Where illegal drugs are found not only in appellant's residence but also in the car in which he was the sole occupant, we rule that the circumstances are sufficient to permit the jury to draw the inference that appellant had knowledge of the drugs and the intent to control them.

Order affirmed.

HOFFMAN, J., files a dissenting opinion in which CERCONE and SPAETH, JJ., join.

HOFFMAN, Judge (dissenting):

Appellant was found guilty by a jury of possession of marijuana. 1 Motions in arrest of judgment and for a new trial were argued before the court below en banc. The court granted the motion for a new trial on the basis of improper prosecutorial comment during closing argument, but denied the motion in arrest of judgment. This appeal was taken from the denial of the motion in arrest of judgment.
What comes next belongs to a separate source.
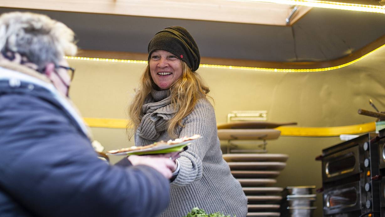 Kerstin Maquard backt in ihrem umgebauten Nagetusch von 1972 Flammkuchen. | © Joel Beinke

The circumstances leading to appellant's arrest and conviction are these. On May 19, 1973, a search warrant was issued for a trailer jointly occupied by appellant and his roommate. At approximately ten o'clock p.m., three deputy sheriffs arrived at the trailer park and waited to execute the warrant for twenty minutes until appellant's roommate returned with a female companion. The warrant was served and the ensuing search produced a small quantity of marijuana seeds on the floor of the kitchen, several marijuana cigarette butts in an ash tray in the living room, and a clear plastic bag with marijuana residue in a wooden nail keg in the living room. The sheriff's deputies extended their search outside the trailer and found four plastic bags containing a total of eighty grams of marijuana. The four bags were found in a metal milk delivery box attached to the trailer hitch. The search was concluded at approximately eleven-thirty p.m.

The deputies waited until appellant returned home at approximately one-fifteen in the morning. Appellant was placed under arrest, and the deputies asked...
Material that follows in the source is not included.